[[ DATA UNDER STUDY, beginning ]]

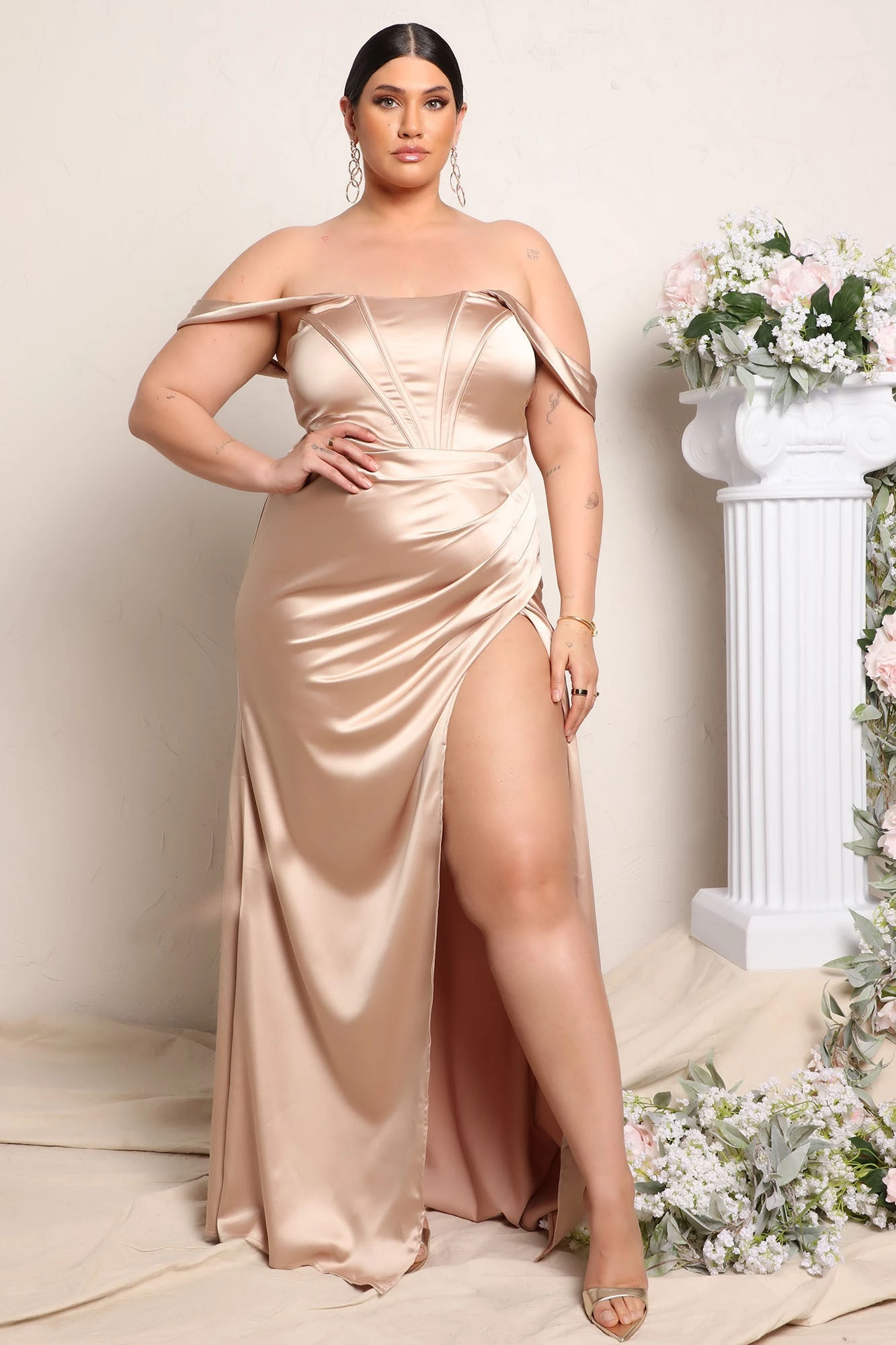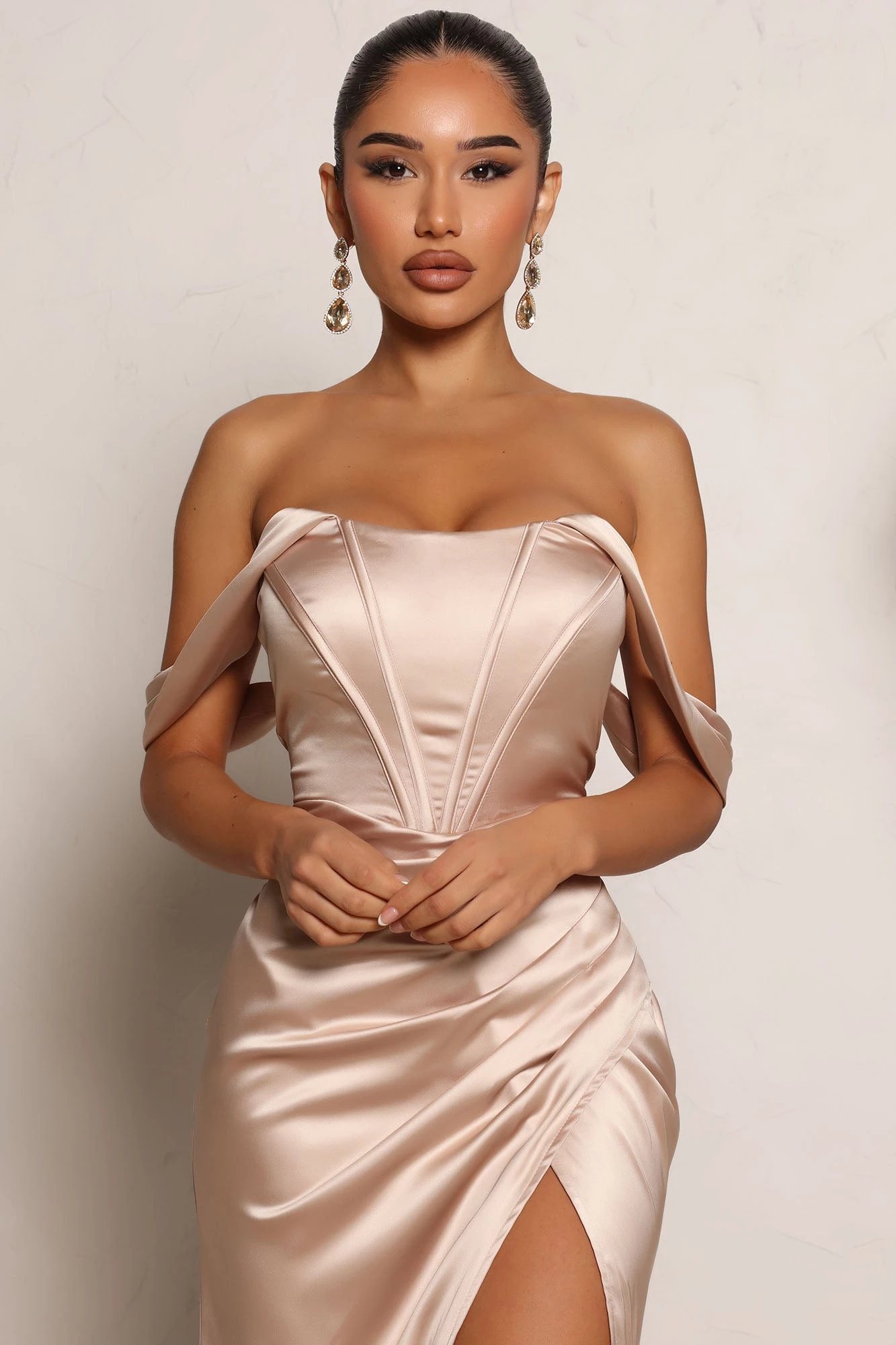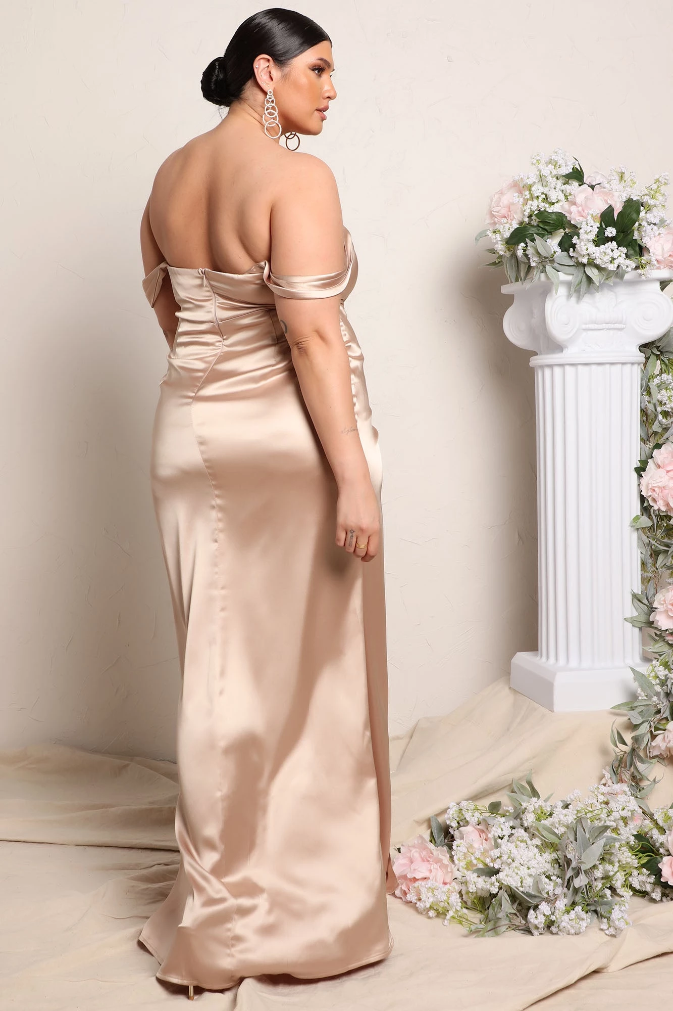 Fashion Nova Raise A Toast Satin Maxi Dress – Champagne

[[ DATA UNDER STUDY, end ]]
[[ DATA UNDER STUDY, beginning ]]

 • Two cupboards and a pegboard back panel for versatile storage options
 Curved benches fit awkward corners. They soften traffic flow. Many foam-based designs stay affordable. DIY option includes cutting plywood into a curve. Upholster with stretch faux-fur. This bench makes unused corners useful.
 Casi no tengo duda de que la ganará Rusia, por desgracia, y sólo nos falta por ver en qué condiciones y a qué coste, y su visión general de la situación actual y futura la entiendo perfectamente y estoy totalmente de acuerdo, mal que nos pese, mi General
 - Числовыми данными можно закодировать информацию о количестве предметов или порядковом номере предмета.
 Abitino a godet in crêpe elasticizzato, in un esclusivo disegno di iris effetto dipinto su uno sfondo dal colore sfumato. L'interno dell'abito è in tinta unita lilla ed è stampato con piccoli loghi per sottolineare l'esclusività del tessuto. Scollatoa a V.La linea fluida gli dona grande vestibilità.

[[ DATA UNDER STUDY, end ]]
[[ DATA UNDER STUDY, beginning ]]

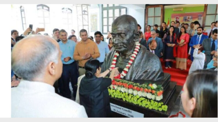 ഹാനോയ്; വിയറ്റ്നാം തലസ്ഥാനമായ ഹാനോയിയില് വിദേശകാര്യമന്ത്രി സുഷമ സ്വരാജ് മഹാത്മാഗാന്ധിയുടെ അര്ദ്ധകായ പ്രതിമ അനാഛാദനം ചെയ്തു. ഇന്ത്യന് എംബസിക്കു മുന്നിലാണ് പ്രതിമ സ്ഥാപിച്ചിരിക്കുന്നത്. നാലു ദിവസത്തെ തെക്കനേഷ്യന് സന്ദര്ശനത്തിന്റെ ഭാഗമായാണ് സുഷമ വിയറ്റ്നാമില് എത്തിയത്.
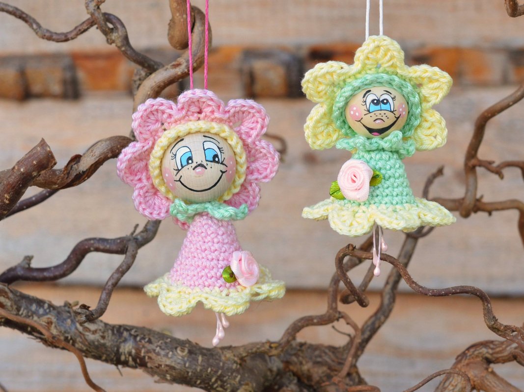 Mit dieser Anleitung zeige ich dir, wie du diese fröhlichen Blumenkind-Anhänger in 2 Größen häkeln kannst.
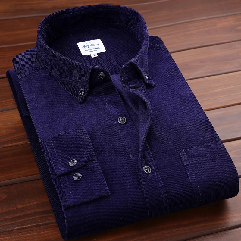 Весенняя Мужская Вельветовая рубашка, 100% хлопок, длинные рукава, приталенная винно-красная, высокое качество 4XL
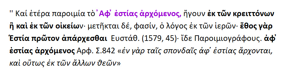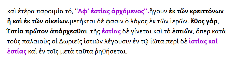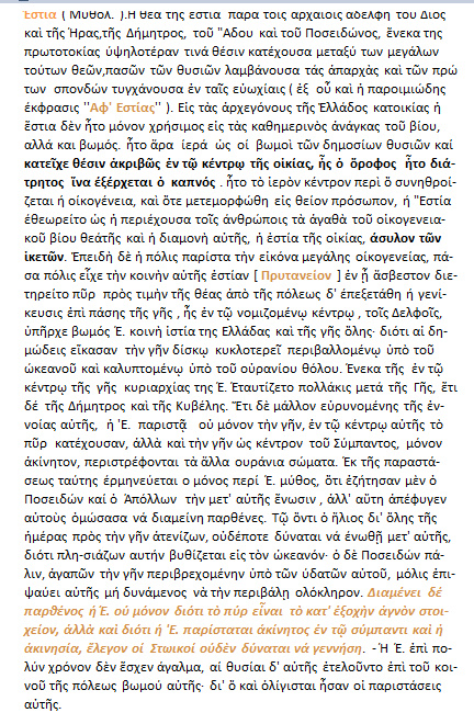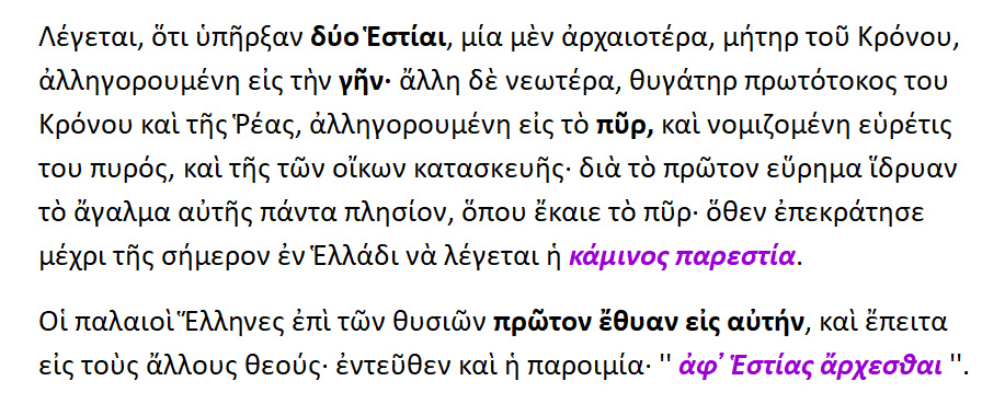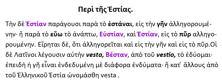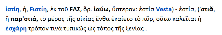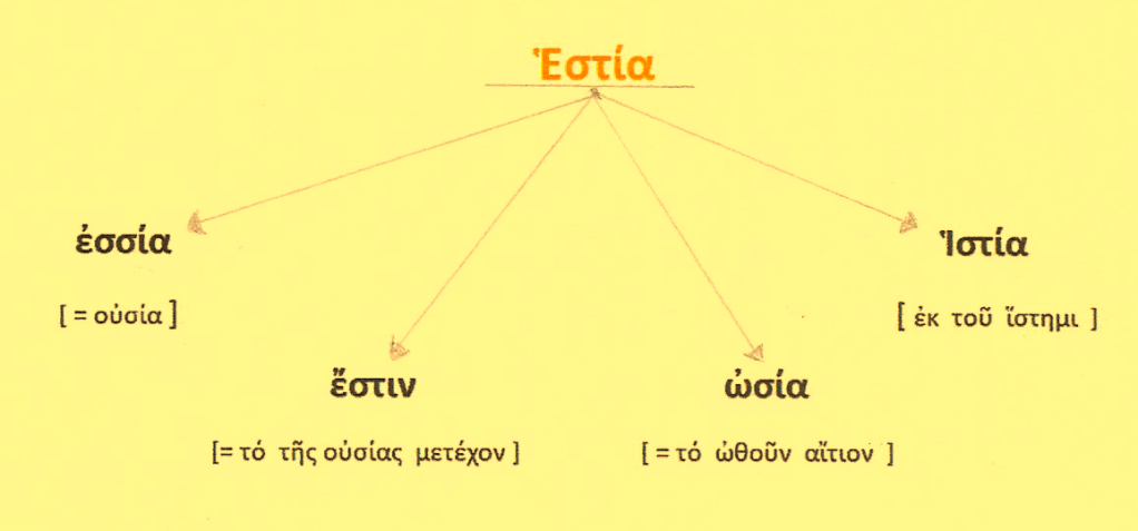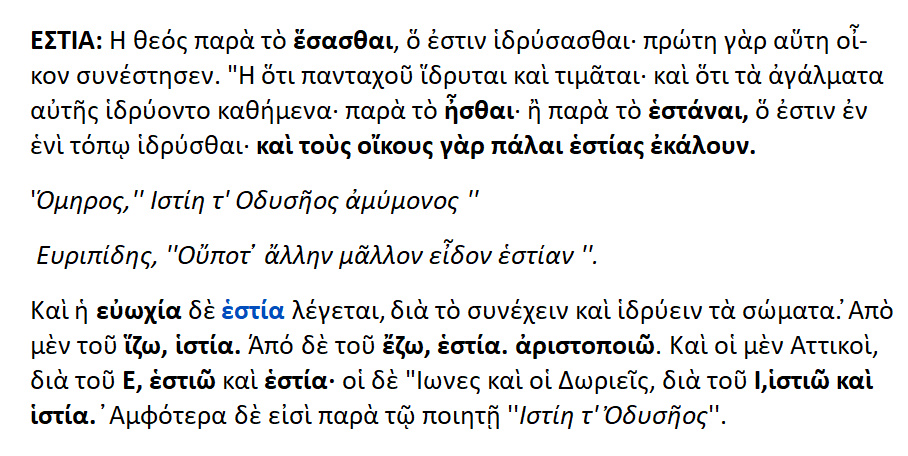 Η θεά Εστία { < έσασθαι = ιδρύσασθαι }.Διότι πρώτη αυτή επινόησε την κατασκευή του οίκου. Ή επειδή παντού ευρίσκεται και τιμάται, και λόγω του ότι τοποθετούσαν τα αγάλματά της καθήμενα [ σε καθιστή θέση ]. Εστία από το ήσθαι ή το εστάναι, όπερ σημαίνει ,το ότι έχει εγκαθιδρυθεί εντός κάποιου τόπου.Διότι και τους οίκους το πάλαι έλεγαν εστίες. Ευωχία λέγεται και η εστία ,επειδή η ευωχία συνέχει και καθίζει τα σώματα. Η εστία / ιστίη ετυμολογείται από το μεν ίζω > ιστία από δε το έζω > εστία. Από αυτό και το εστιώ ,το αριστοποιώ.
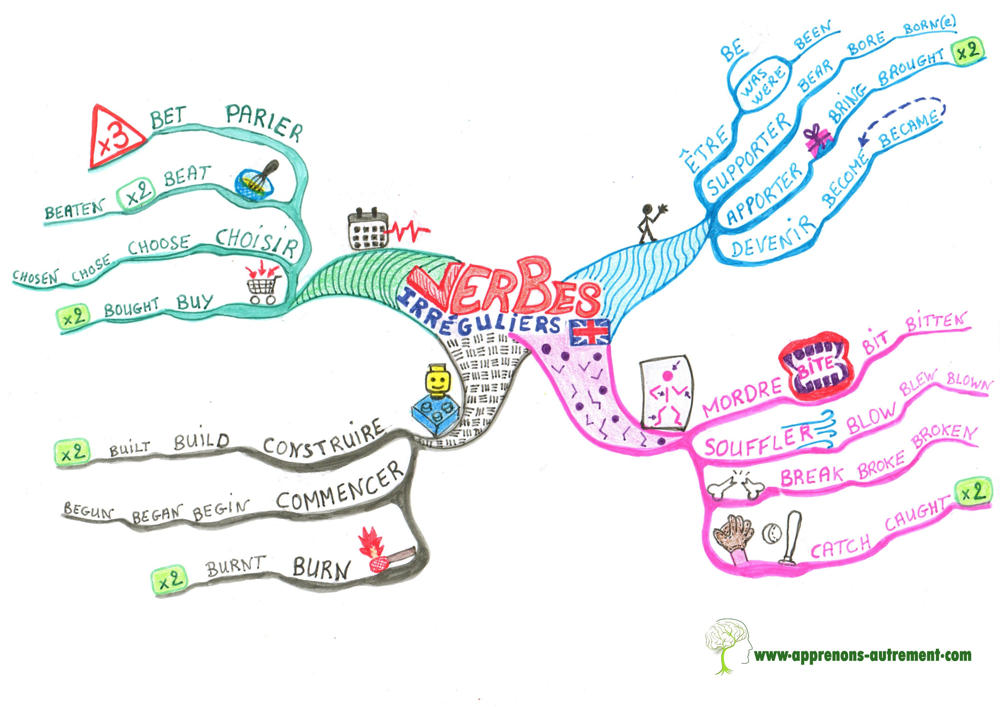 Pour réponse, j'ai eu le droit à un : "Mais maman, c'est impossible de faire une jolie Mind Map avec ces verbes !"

[[ DATA UNDER STUDY, end ]]

*PROBLEM TO SOLVE*: Please reproduce the lines from the line with "versatile storage options" to the line with "Abitino a godet", both ends included, exactly as they appear above.

*ANSWER TO THIS PROBLEM*:
 • Two cupboards and a pegboard back panel for versatile storage options
 Curved benches fit awkward corners. They soften traffic flow. Many foam-based designs stay affordable. DIY option includes cutting plywood into a curve. Upholster with stretch faux-fur. This bench makes unused corners useful.
 Casi no tengo duda de que la ganará Rusia, por desgracia, y sólo nos falta por ver en qué condiciones y a qué coste, y su visión general de la situación actual y futura la entiendo perfectamente y estoy totalmente de acuerdo, mal que nos pese, mi General
 - Числовыми данными можно закодировать информацию о количестве предметов или порядковом номере предмета.
 Abitino a godet in crêpe elasticizzato, in un esclusivo disegno di iris effetto dipinto su uno sfondo dal colore sfumato. L'interno dell'abito è in tinta unita lilla ed è stampato con piccoli loghi per sottolineare l'esclusività del tessuto. Scollatoa a V.La linea fluida gli dona grande vestibilità.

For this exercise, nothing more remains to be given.